This repository contains my work done during an internship as a Data Management Specialist with the REM. My job was to classify technical drawings for a large-scale project.
First of all, our database could provide us with an Excel containing the document number of all the drawings in the project (around 16,000) as well as their specific drawing number. Other information is provided, but the documentation is too often incorrect, and each drawing would have to be opened to obtain the correct information.

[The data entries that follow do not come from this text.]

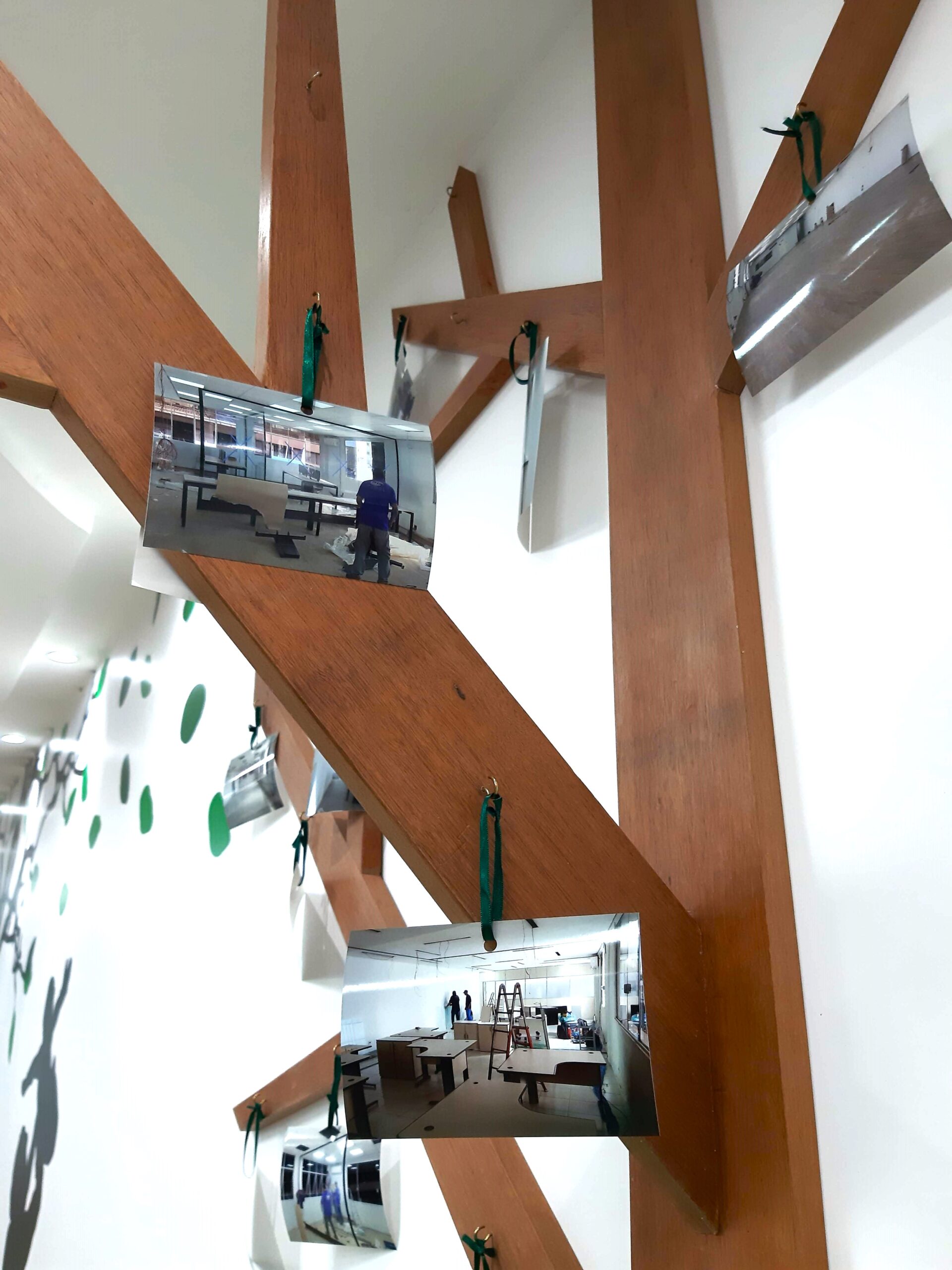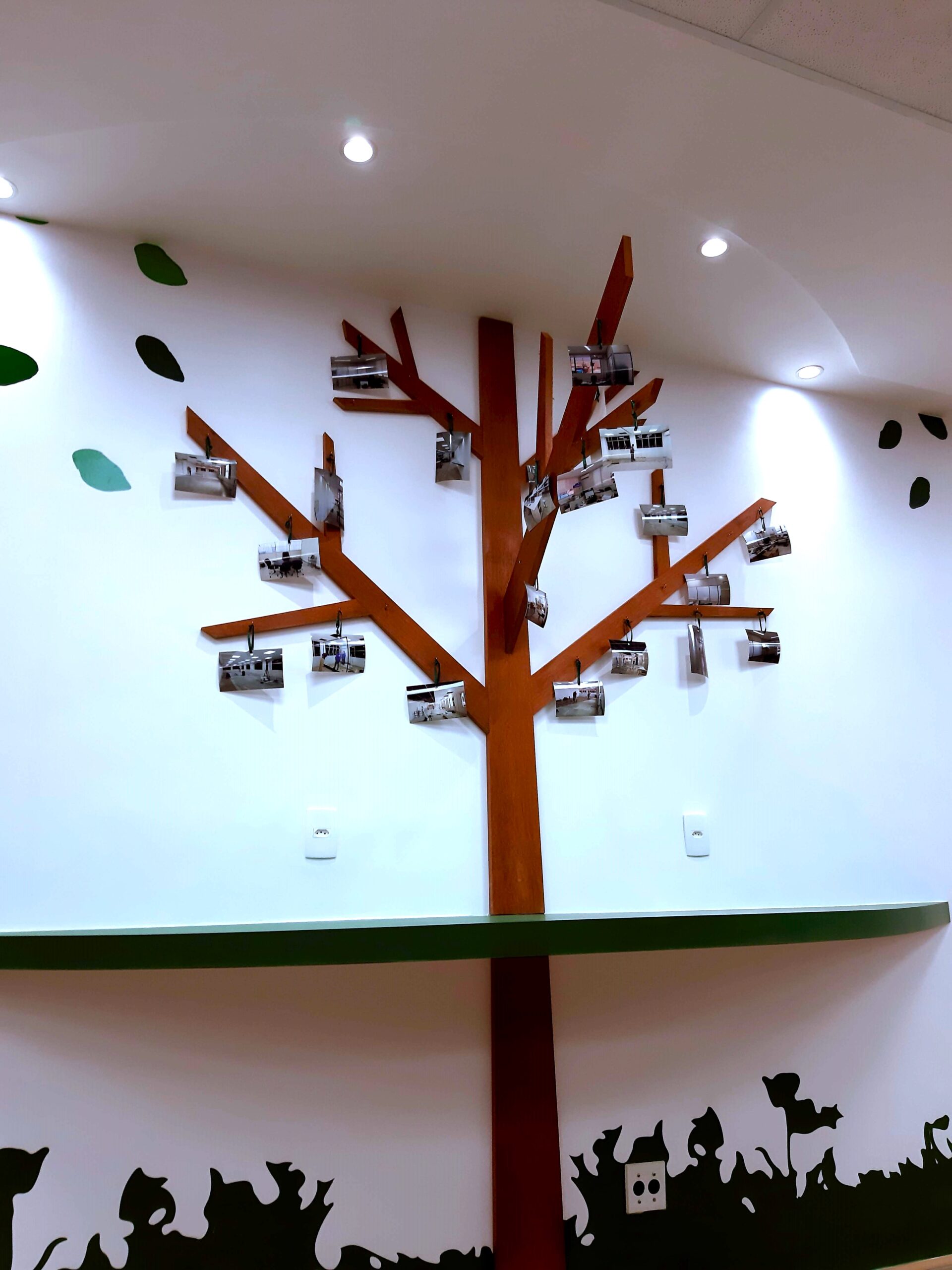 Para dar um toque ainda mais afetivo e personalizado, uma das árvores foi confeccionada em marcenaria, com galhos projetados especialmente para exibir fotos da equipe.
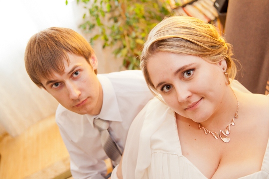 При росписи(поднимались на лесенку) я чуть не упала (виновато платье). В ЗАГСЕ с нами были дети - сожалею. Хоть и детишки сами по себе молчаливые,но они как знали - в самые важные моменты они начинали трындеть.
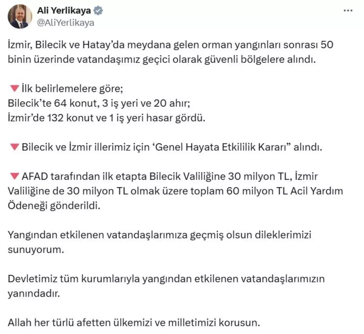 Bakan Yerlikaya, sosyal medya hesabından yaptığı açıklamada, “İzmir, Bilecik ve Hatay’da meydana gelen orman yangınları sonrası 50 binin üzerinde vatandaşımız geçici olarak güvenli bölgelere alındı. İlk belirlemelere göre; Bilecik’te 64 konut, 3 iş yeri ve 20 ahır; İzmir’de 132 konut ve 1 iş yeri hasar gördü. Bilecik ve İzmir illerimiz için ‘Genel Hayata Etkililik Kararı’ alındı. AFAD tarafından ilk etapta Bilecik Valiliğine 30 milyon TL, İzmir Valiliğine de 30 milyon TL olmak üzere toplam 60 milyon TL acil yardım ödeneği gönderildi. Yangından etkilenen vatandaşlarımıza geçmiş olsun dileklerimizi sunuyorum. Devletimiz tüm kurumlarıyla yangından etkilenen vatandaşlarımızın yanındadır. Allah her türlü afetten ülkemizi ve milletimizi korusun” dedi.
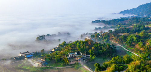 四川新闻网消息 1月7日,当今年的第一个冬日暖阳与合江县笔架山下的赤水河流域亲密接触后,浓浓的晨雾便铺天盖地地洒满了山涧的每一个角落,青山丛林、田园农舍如春天般的秀美展现在眼前。(供稿:合江县委宣传部 李贵平)
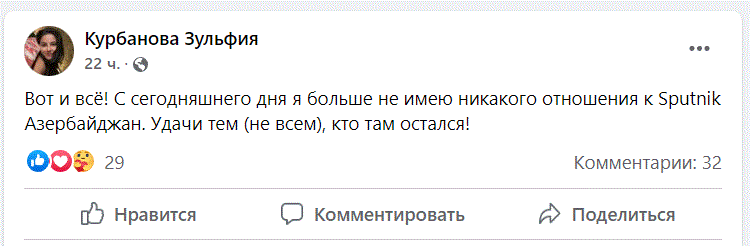 Ситуацию на своей странице в Facebook также прокомментировала бывший редактор "Sputnik Азербайджан" Гульзар Мустафаева.
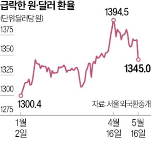 16일 서울 외환시장에서 원·달러 환율은 전일보다 24원10전 하락한 1345원에 거래를 마쳤다. 이는 원화 가치가 상승했음을 의미하며, 지난 3월 26일(1339원50전) 후 약 50일 만에 가장 낮은 수준이다. 일일 낙폭도 지난해 12월 14일 24원50전 하락(1319원90전→1295원40전)한 후 가장 컸다. 지난달 16일 장중 한때 1400원까지 뛰면서 종가가 1394원50전으로 오른 것을 감안하면 한 달 새 50원이나 떨어진 것이다. 전날 휴일에 따른 서울 외환시장 휴장으로 이틀간 하락 요인이 반영됐다는 해석도 나온다.

First, I created a macro with Power Query to perform an initial sort according to their sector (station, substation...). Next, I used Robot Process Automation (RPA) with Power Automate Desktop to automatically download drawings from each sector according to their document number. After that, I trained an artificial intelligence with AI Builder to read the information directly from the drawings using Optical Character Recognition (OCR). I used it on a Power Automate workflow so that by transferring the drawings previously downloaded with RPA to a specified folder, an Excel file will be created containing all the information read by OCR. To make it easier for a user to use this feature, I developed an application via Power Apps allowing drawings to be transferred and the Excel with drawing data to be obtained on the same interface. Finally, Python code was used to perform a second sort according to the data in the Excel using the CSV library. It compares the drawings in two sectors and outputs whether any drawings contain outliers, whether there are duplicates, and which drawing types are not in one of the two sectors.